Aim of the exercise: Please reproduce all of the listing below exactly and drop its images.

Recorded information:
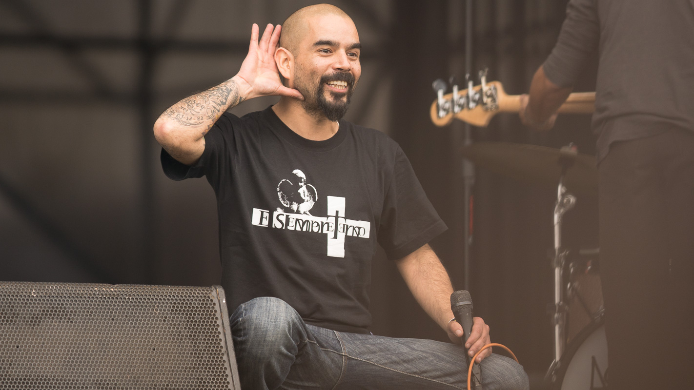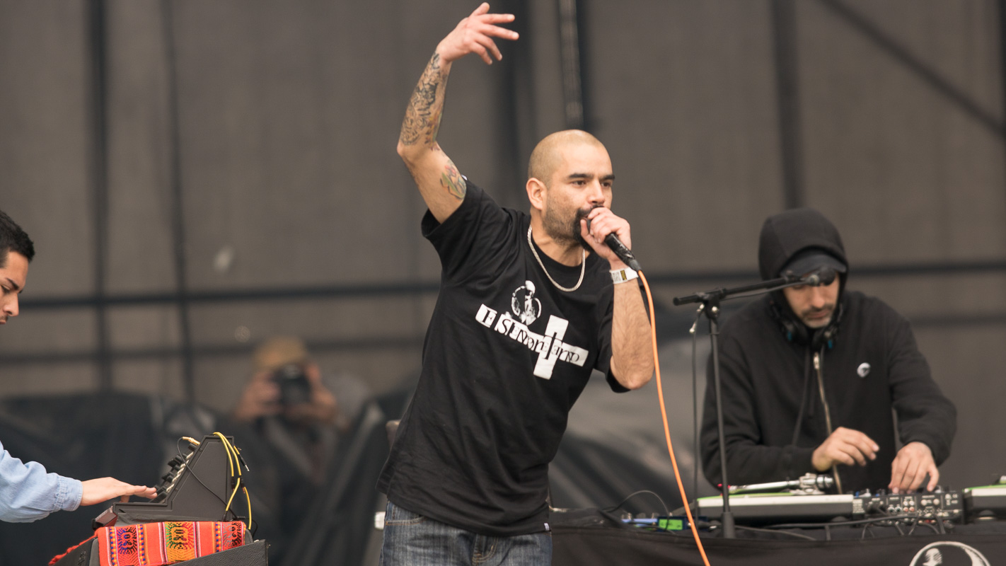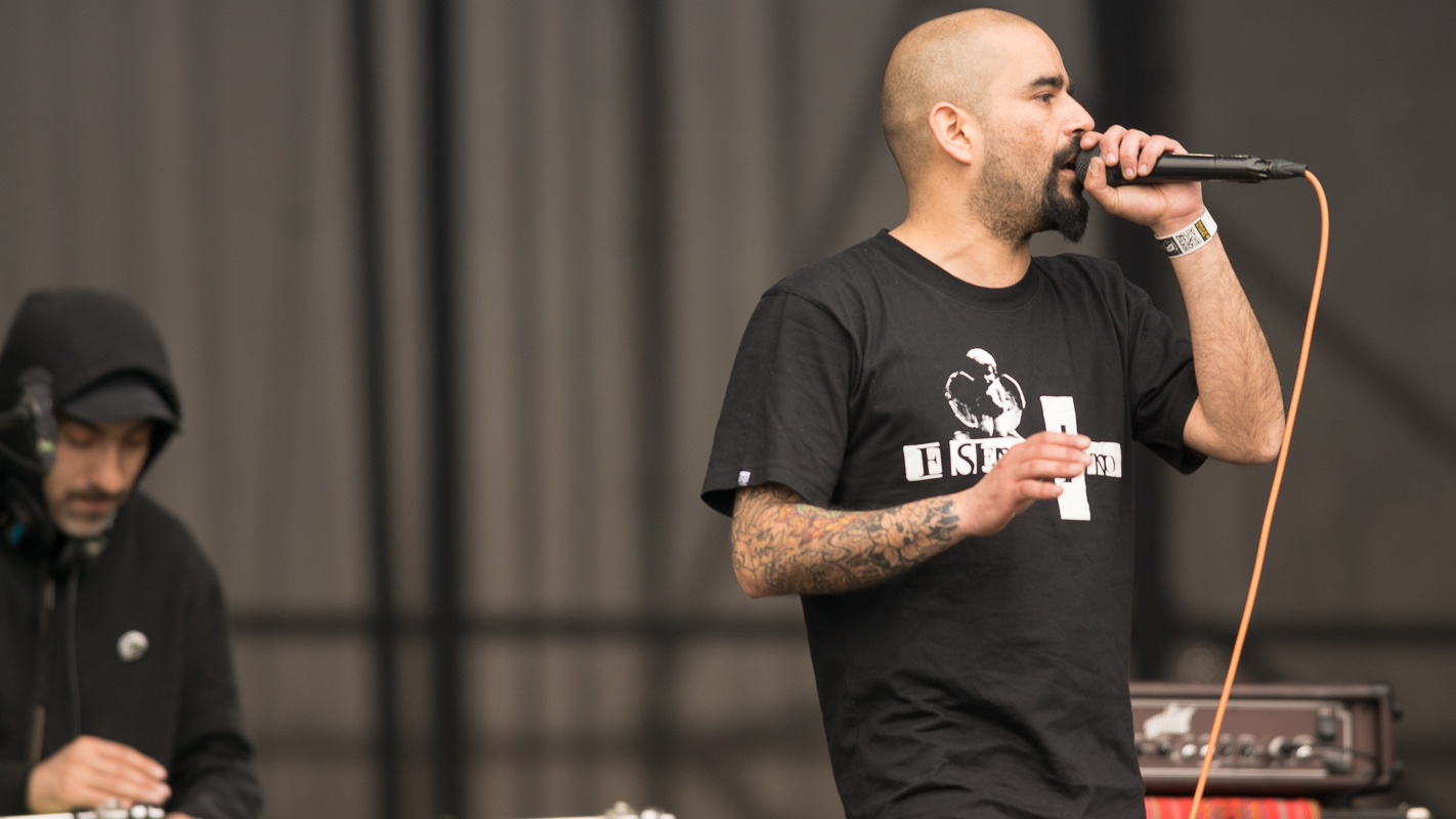 La banda de Hip Hop Fusión nacional, “Cómo asesinar a Felipes”, se presentó en el escenario Escudo Stage 2 a eso de las 13.15 horas del domingo premunidos de la artillería pesada de las rimas crispadas y corrosivas que dispara su siempre locuaz frontman y líder, “Koala” Conteras.
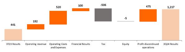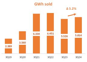The following analyses refer to the third quarter of 2024 and the accumulated period from January to September 2024, compared to the same period in 2023.
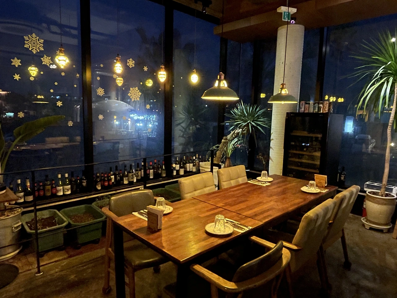 우리가 식당을 찾은 시간은 7시를 훨씬 넘긴 시간이었다. 원래는 1층의 식당을 가려고 했는데, 거긴 마감시간이 임박해서 주문을 받지 않을 것이라 생각해 2층의 레스토랑을 선택했다. 그런데 식당에 들어와보니 제주도 식당들이 해가 저물면 이내 문을 닫는 이유를 알 것 같다. 사람이 없다. 우리들 뿐. 하긴, 저녁엔 다들 숙소로 들어가거나 외식을 해도 고기를 먹겠지.

Response area:
 La banda de Hip Hop Fusión nacional, “Cómo asesinar a Felipes”, se presentó en el escenario Escudo Stage 2 a eso de las 13.15 horas del domingo premunidos de la artillería pesada de las rimas crispadas y corrosivas que dispara su siempre locuaz frontman y líder, “Koala” Conteras.
The following analyses refer to the third quarter of 2024 and the accumulated period from January to September 2024, compared to the same period in 2023.
 우리가 식당을 찾은 시간은 7시를 훨씬 넘긴 시간이었다. 원래는 1층의 식당을 가려고 했는데, 거긴 마감시간이 임박해서 주문을 받지 않을 것이라 생각해 2층의 레스토랑을 선택했다. 그런데 식당에 들어와보니 제주도 식당들이 해가 저물면 이내 문을 닫는 이유를 알 것 같다. 사람이 없다. 우리들 뿐. 하긴, 저녁엔 다들 숙소로 들어가거나 외식을 해도 고기를 먹겠지.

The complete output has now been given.